S’il aime visualiser ses travaux depuis son bureau, parfois très tôt en été, avec un peu de musique italienne, du café et un téléphone qui ne sonne pas encore ; Christophe se définit aussi comme passeur d’âme. Au CEFA (Centre d’Éducation et de Formation en Alternance) de Namur, à raison de deux jours par semaine, il enseigne son art et sa passion.
"C’est un métier brut de décoffrage, avec des ressources illimitées, qui demande de l’élégance, de la finesse. Je rattrape des jeunes en difficultés, je ne vends pas du rêve mais fais preuve d’empathie, je les invite à venir le cœur léger. Je pense qu’il faut être droit et carré, faire preuve de franchise."
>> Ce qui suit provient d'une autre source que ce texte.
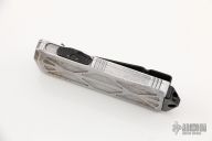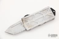 This Microtech Exocet features a distressed white finish tanto blade with full serrations and satin flats. The handle has a distressed white aluminum handles and a black stainless clip that doubles as a money clip dated 07/2021, S/N 198. Comes with original box and papers. Excellent condition.
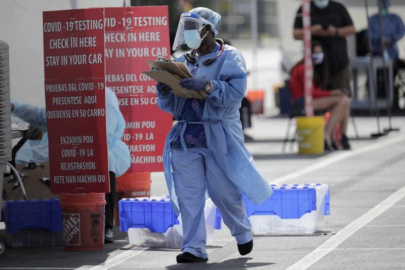 A health care worker works at a COVID-19 testing site sponsored by Community Heath of South Florida at the Martin Luther King, Jr. Clinica Campesina Health Center, during the coronavirus pandemic, Monday, July 6, 2020, in Homestead, Fla. (AP Photo/Lynne Sladky)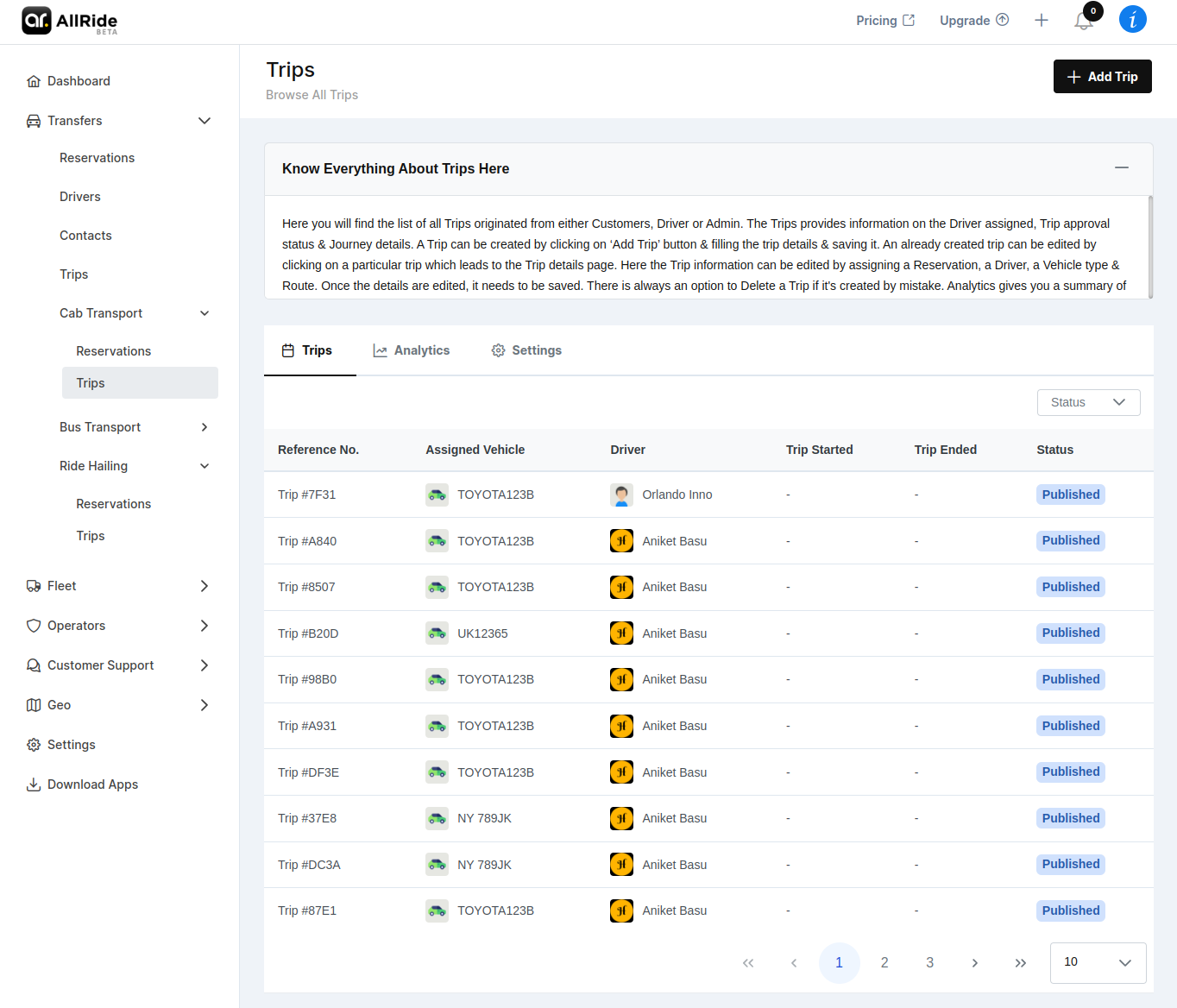 In the "Trips" section of the AllRide app, you’re presented with an organized view of all trip-related information. This area is essential for managing and reviewing the details of journeys booked through the system. Here’s a description of the displayed information and available actions: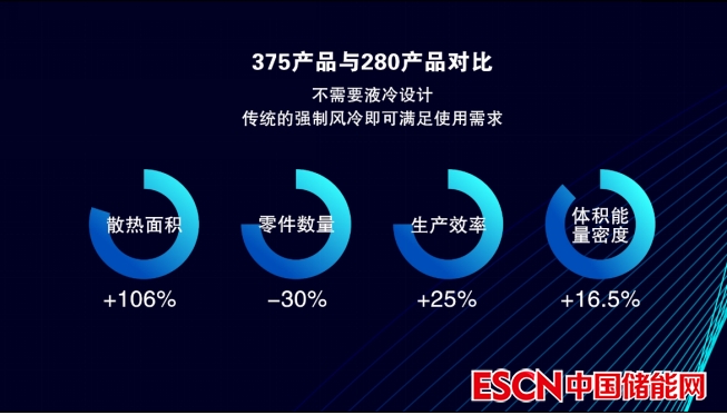 相比現(xiàn)有的280Ah產(chǎn)品,375Ah產(chǎn)品散熱面積提升了106%,無(wú)需液冷設(shè)計(jì),傳統(tǒng)的強(qiáng)制風(fēng)冷即可滿足使用需求;系統(tǒng)零件數(shù)量減少了30%,生產(chǎn)效率提升了25%,體積利用率增加了16.5%,40英尺集裝箱最高可容納7MWh,綜合總成本預(yù)期降低9%。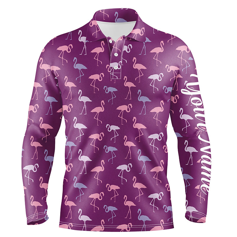Mens golf polo shirt purple flamingos birds pattern tropical custom name team golf polo shirts NQS4950

La ferronnerie manque de main-d’œuvre concernée par ce dur mais beau métier, Christophe en a fait l’expérience quand il a voulu faire grandir son entreprise. Mais ça n’a pas pris. Mieux vaut rester à deux (avec Franck, son ouvrier) que de se brûler. D’ailleurs, on se blesse parfois ? "On se brûle souvent, mais c’est rarement grave. Avec le froid du métal, on attrape des crevasses." Qu’il cautérise sur le fer bouillant.
"Le plus gros danger reste la disqueuse. " Puis, mieux vaut mettre son casque. "Les lunettes ne suffisent pas, les UV produit par l’arc électrique donnent sur le reste du visage. On me dit parfois que je suis bronzé, c’en est la cause ! Puis, en cas de coup d’arc dans les yeux, le meilleur remède est celui de grand-mère. On coupe une pomme de terre en deux et on la met sur ses yeux. L’amidon enlève l’infection."